REQUIREMENT:
Drop the pictures and extract exactly the lines from the one that contains "Style PS26039 has" through the end of the material.

SUPPLIED DATA:
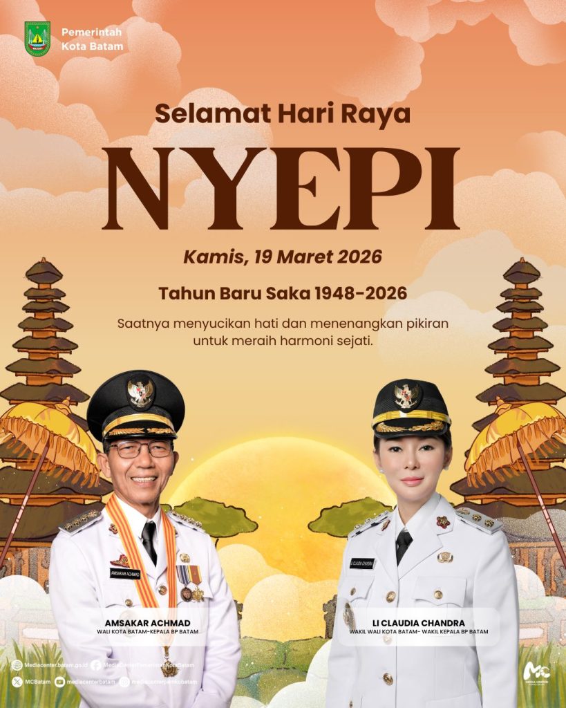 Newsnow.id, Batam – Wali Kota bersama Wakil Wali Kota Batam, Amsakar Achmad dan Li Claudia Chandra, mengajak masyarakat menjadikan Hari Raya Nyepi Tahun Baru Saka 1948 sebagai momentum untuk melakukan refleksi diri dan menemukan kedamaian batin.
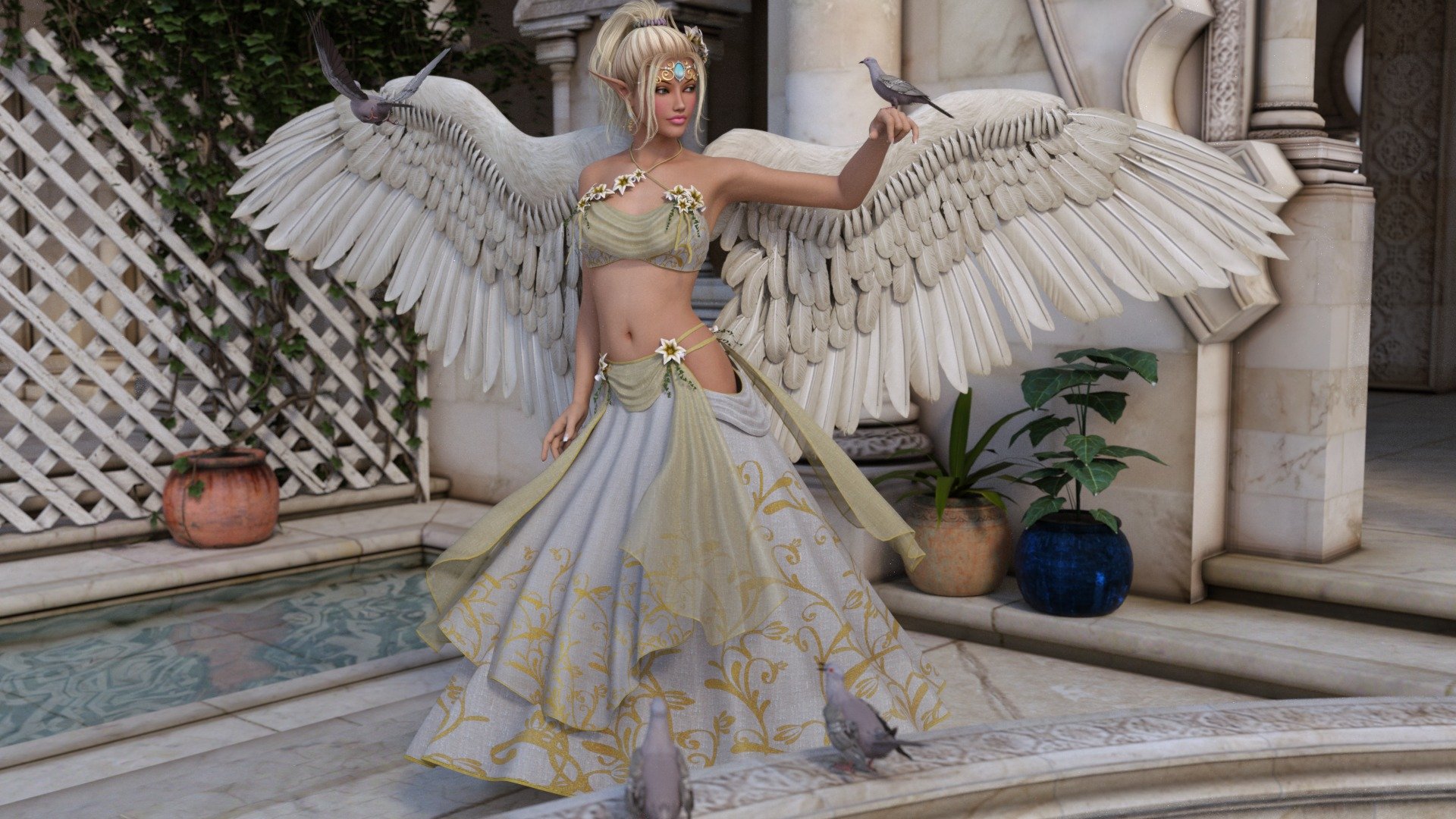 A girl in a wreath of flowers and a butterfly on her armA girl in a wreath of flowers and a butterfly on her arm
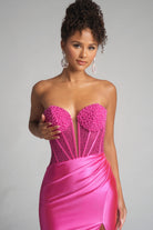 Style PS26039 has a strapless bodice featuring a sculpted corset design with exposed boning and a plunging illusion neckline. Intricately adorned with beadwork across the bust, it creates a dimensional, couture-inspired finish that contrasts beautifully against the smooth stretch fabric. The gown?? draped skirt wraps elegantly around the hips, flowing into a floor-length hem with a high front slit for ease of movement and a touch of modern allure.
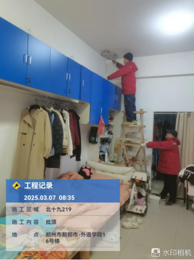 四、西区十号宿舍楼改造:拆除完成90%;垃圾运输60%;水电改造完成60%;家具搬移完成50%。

ANSWER BELOW:
 Style PS26039 has a strapless bodice featuring a sculpted corset design with exposed boning and a plunging illusion neckline. Intricately adorned with beadwork across the bust, it creates a dimensional, couture-inspired finish that contrasts beautifully against the smooth stretch fabric. The gown?? draped skirt wraps elegantly around the hips, flowing into a floor-length hem with a high front slit for ease of movement and a touch of modern allure.
 四、西区十号宿舍楼改造:拆除完成90%;垃圾运输60%;水电改造完成60%;家具搬移完成50%。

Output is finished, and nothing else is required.